### Exercise details
From the first line of the listing below, retype each line up to and including the one with "1989 W 574, Bétonnage"; pictures stay out.

### Data section
++++++++
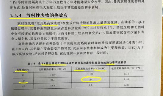 这是核废料无法处置的根本原因。如果是一个死的东西,深埋于地下,只要没有地下水冲刷,它就永远存在那里。但因为它不断散热,埋于地下会让周围的岩石变成熔岩,最后形成火山爆发。如果沉于海底,它也会不甘寂寞,通过热量的带动与表层的海水对流,然后被带到整个海洋。核废料功率密度的论据来自于《放射性废物处理与处置》一书第19页,放射性废物的热效应,表1-8,高放废物在离堆100年后热功率为13.4千瓦/吨。
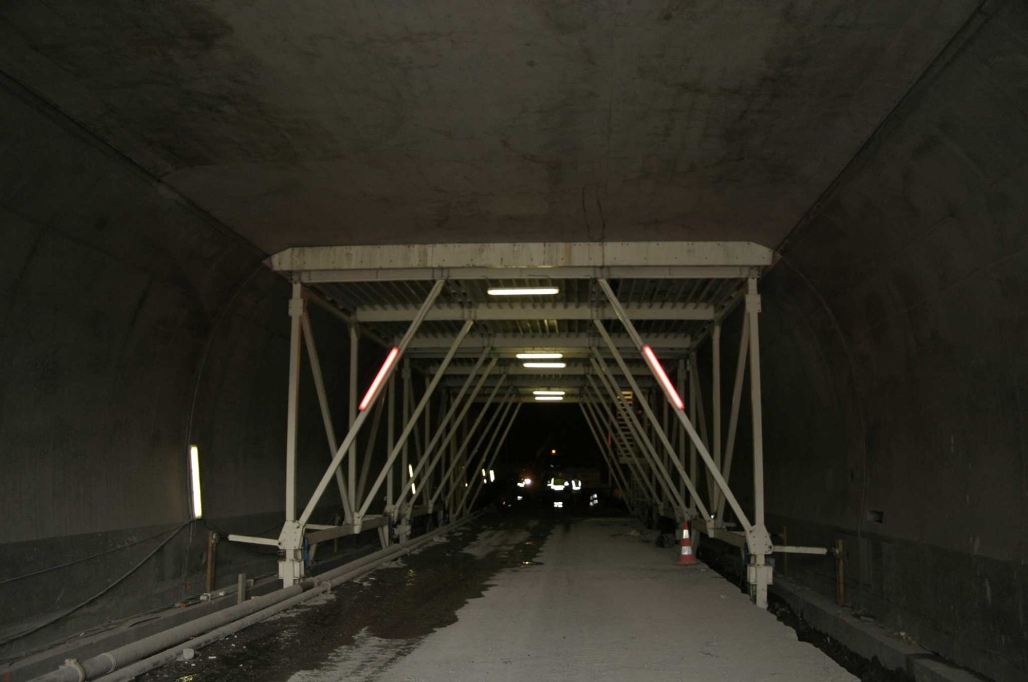 1989 W 574, Bétonnage de la dalle plafond réalisé à l'aide d'une dalle coffrante avec ferraillage : une pompe envoie le béton de la "toupie" sur la table coffrante où il est aussitôt mis en oeuvre par de nombreux ouvriers. Le premier plot (20 m) de la dalle plafond a été réalisé, celle-ci permettra la réalisation de deux gaines de ventilation. Voûte en béton et outils coffrant de raccordement des niches d'incendie ou de secours et des galeries de secours.
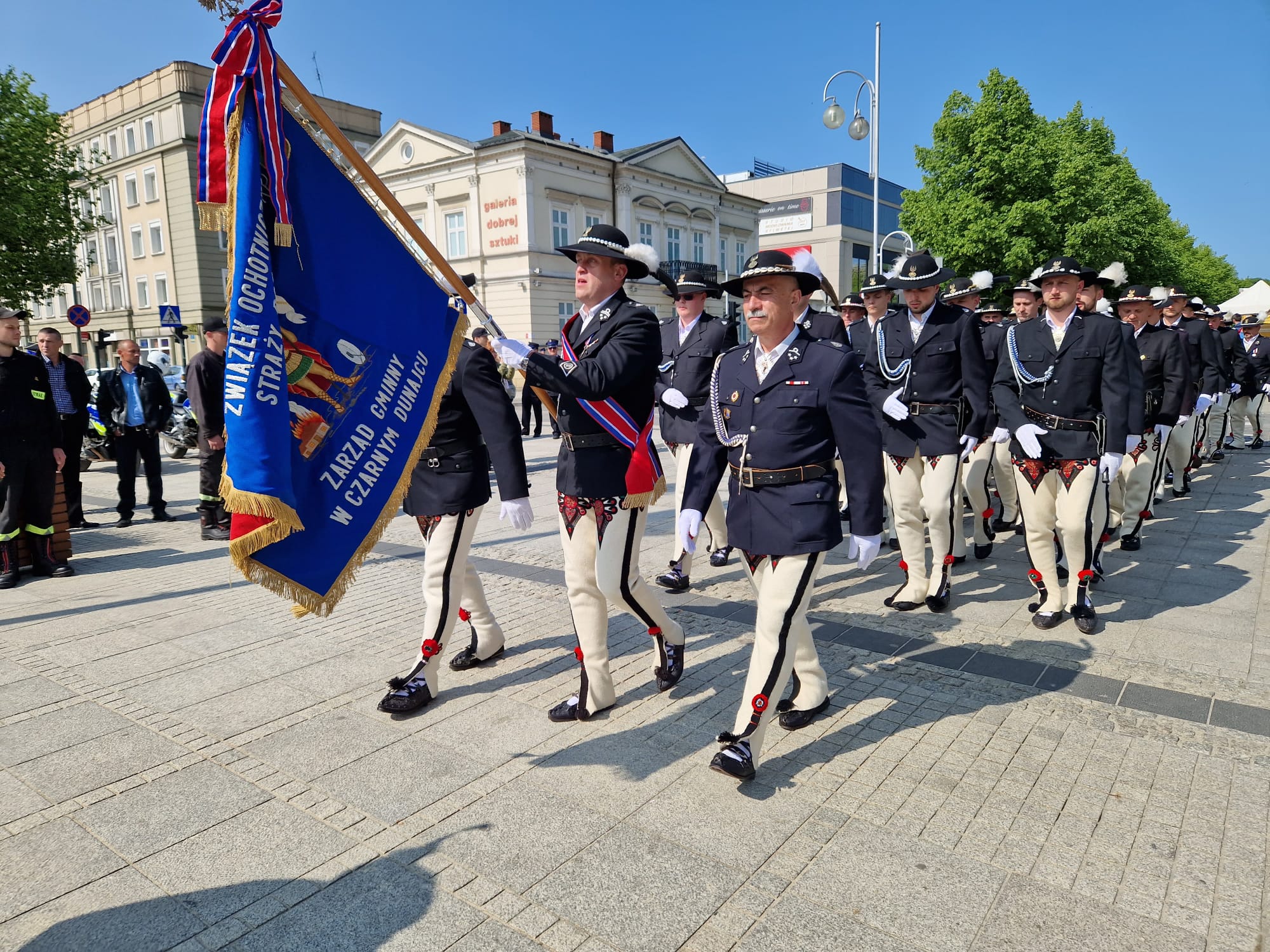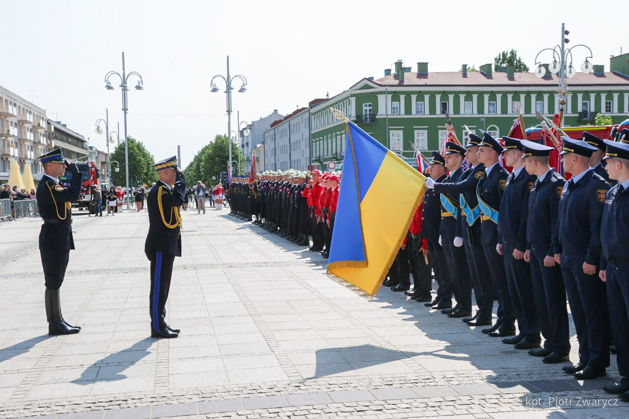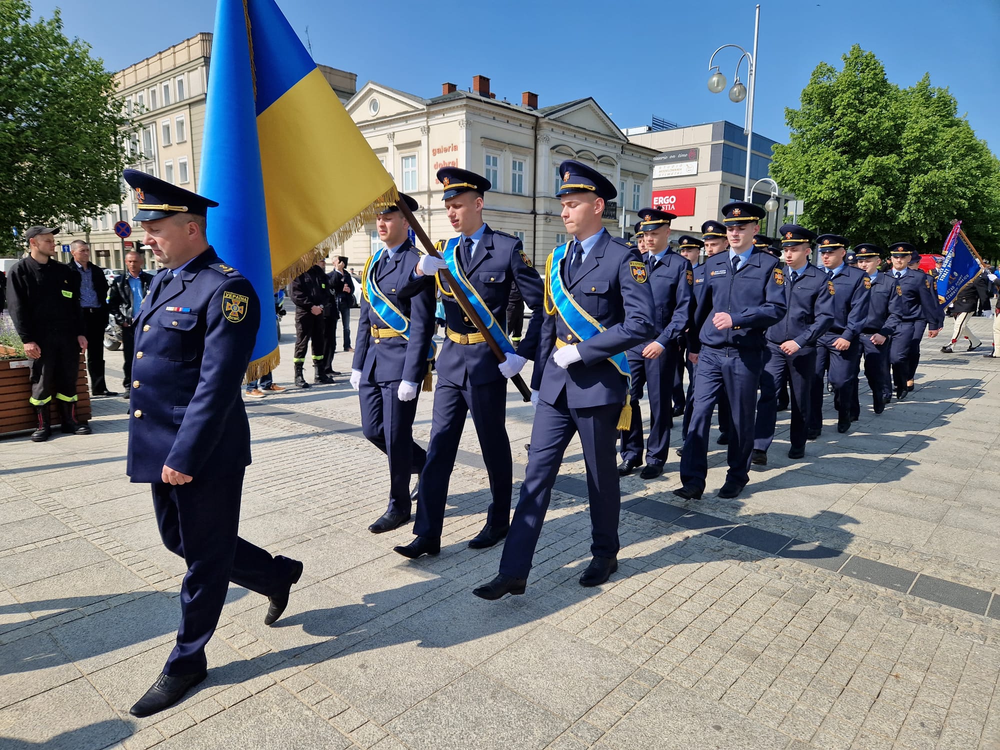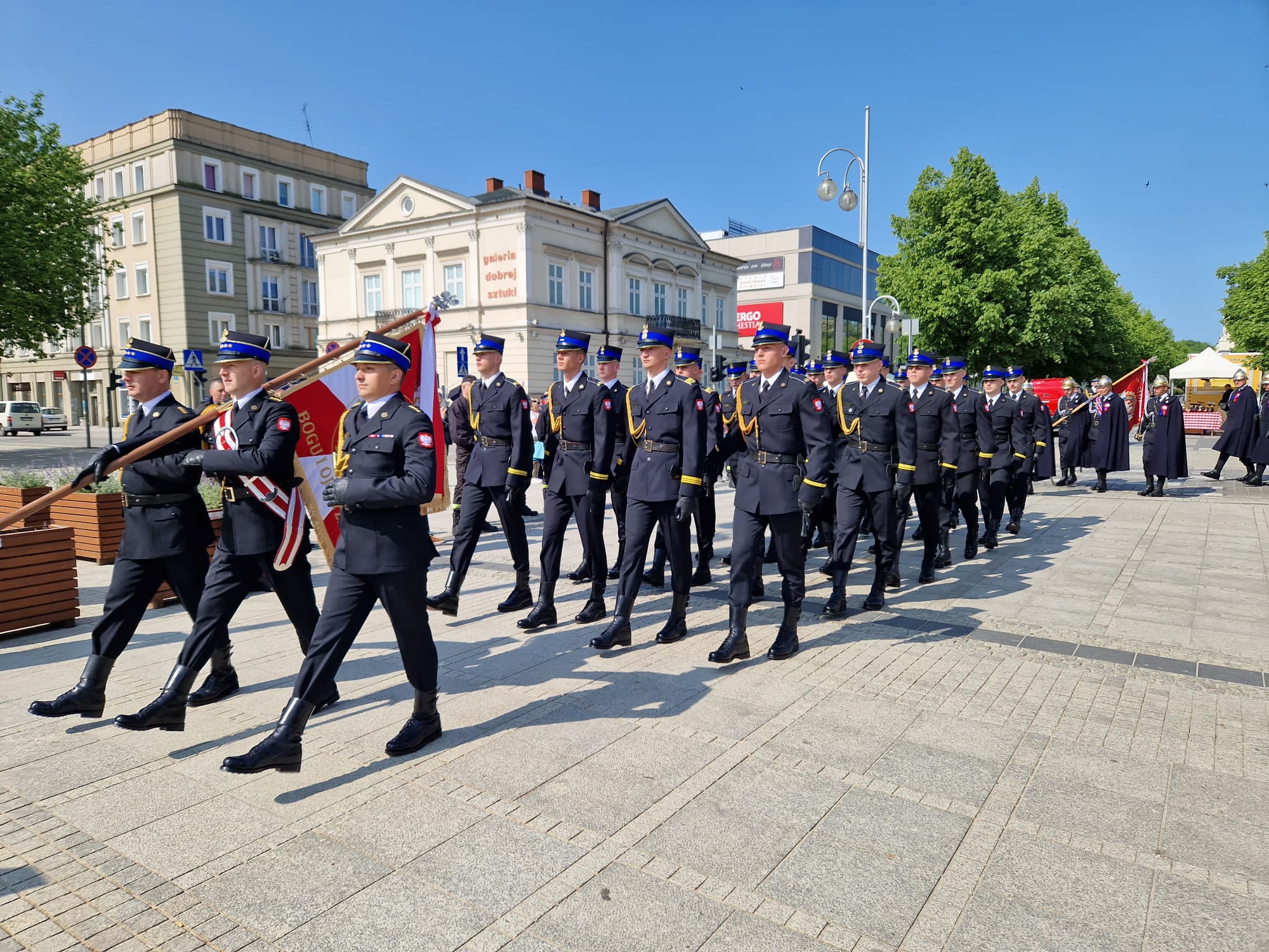 Na Placu Biegańskiego w rytm orkiestry OSP Mykanów pojawiły się Kompania Reprezentacyjna Państwowej Straży Pożarnej, Kompania Reprezentacyjna Związku Ochotniczych Straży Pożarnych RP, kompania Młodzieżowej Drużyny Pożarniczej oraz kompania strażaków z Ukrainy.
++++++++
### Solution below
 这是核废料无法处置的根本原因。如果是一个死的东西,深埋于地下,只要没有地下水冲刷,它就永远存在那里。但因为它不断散热,埋于地下会让周围的岩石变成熔岩,最后形成火山爆发。如果沉于海底,它也会不甘寂寞,通过热量的带动与表层的海水对流,然后被带到整个海洋。核废料功率密度的论据来自于《放射性废物处理与处置》一书第19页,放射性废物的热效应,表1-8,高放废物在离堆100年后热功率为13.4千瓦/吨。
 1989 W 574, Bétonnage de la dalle plafond réalisé à l'aide d'une dalle coffrante avec ferraillage : une pompe envoie le béton de la "toupie" sur la table coffrante où il est aussitôt mis en oeuvre par de nombreux ouvriers. Le premier plot (20 m) de la dalle plafond a été réalisé, celle-ci permettra la réalisation de deux gaines de ventilation. Voûte en béton et outils coffrant de raccordement des niches d'incendie ou de secours et des galeries de secours.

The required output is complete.